§ DIRECTIONS FOR THIS TASK
All pictures are to be omitted while the lines starting at the line with "Some office spaces" and ending at the line with "Some sections of" in the material below are retyped exactly, both ends included.

§ EXTRACTED ENTRIES

# # # #

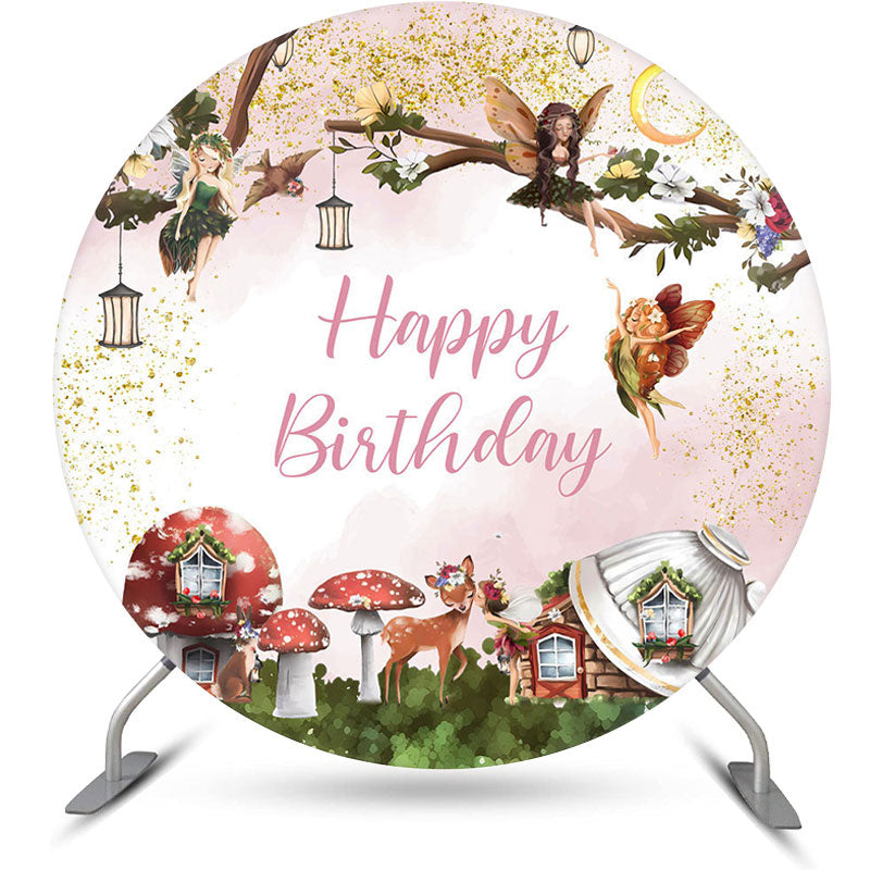 Lofaris Fairy Floral Mushroom Round Happy Birthday Backdrop
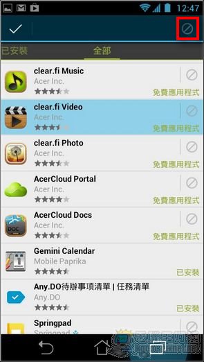 接著選擇「我的應用程式」裡面的全部,就會看到自己曾經裝過的軟體清單。以我為例,我寫了三本Android好用軟體300+,其中為了試驗大概測超過1000套以上,真的是看到眼睛拖窗,首先隨便選擇現在沒有安裝也沒有使用的App再按住不放,接著在最上面就會出現刪除的圖示,點擊下去:
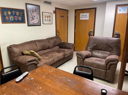 Some office spaces double as locker rooms for the officer who occupies them because the locker room on the lower level is already overcrowded. The male locker room isn’t big enough for the number of male officers, and there was no female locker room, so a storage closet was cleaned out and made into one to accommodate the female officers.
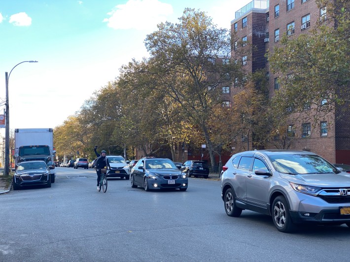 Some sections of the road pinch down to just 30 feet wide, making it challenging to carve out enough space for all modes of transportation, while other stretches, especially next to the Cooper Park public housing complex, become much wider, providing plenty of room to reallocate street space for bikes.
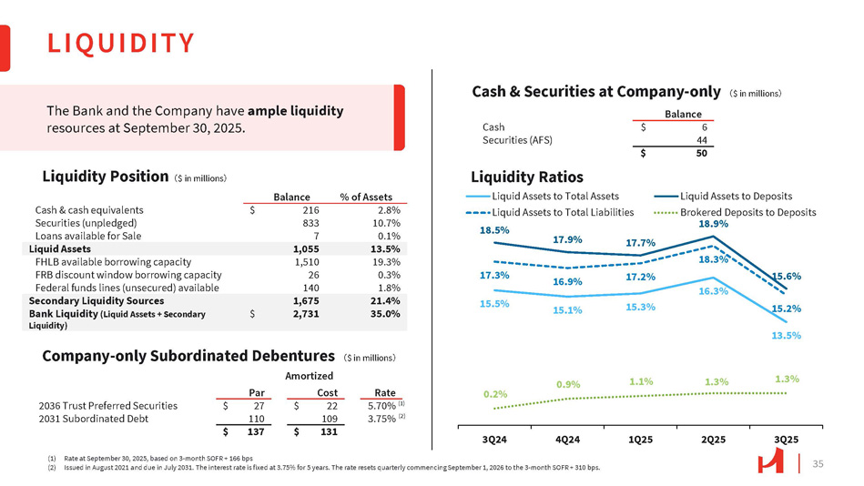 2025年9月30日的35流动性3Q24 4Q24(1)利率,基于2021年8月发行、2031年7月到期的3个月SOFR + 166bps(2)。利率固定为3.75%,5年期。利率从2026年9月1日开始按季度重置为3个月SOFR + 310个基点。15.5% 15.1% 15.3% 16.3% 13.5% 18.5% 17.9% 17.7%流动资产转存款经纪存款转存款18.9% 15.6% 17.3% 16.9% 17.2% 18.3% 15.2% 0.2% 0.9% 1.1% 1.3% 1Q25 2Q25 3Q25流动资产转总资产流动资产转总负债流动性头寸百万美元公司现金和证券-仅百万美元公司-仅次级债券百万美元流动性比率资产余额2.8% 216美元现金和现金等价物10.7% 833证券(未质押)0.1% 7可贷待售13.5% 1,055流动资产19.3% 1,510 FHLB可用借款能力0.3% 26 FRB贴现窗口借款能力1.8% 140联邦基金额度(无担保)可用21.4% 1,675二级流动性来源35.0% 2,731美元银行流动性(流动资产+二级流动性)余额6美元现金44证券(AFS)50美元摊销率成本PAR5.70 % 22美元27美元2036美元信托优先证券3.75% 1091102031次级债131美元137美元截至2025年9月30日,银行和公司流动性资源充裕。(1) (2)

# # # #

§ SOLVED PROBLEM
 Some office spaces double as locker rooms for the officer who occupies them because the locker room on the lower level is already overcrowded. The male locker room isn’t big enough for the number of male officers, and there was no female locker room, so a storage closet was cleaned out and made into one to accommodate the female officers.
 Some sections of the road pinch down to just 30 feet wide, making it challenging to carve out enough space for all modes of transportation, while other stretches, especially next to the Cooper Park public housing complex, become much wider, providing plenty of room to reallocate street space for bikes.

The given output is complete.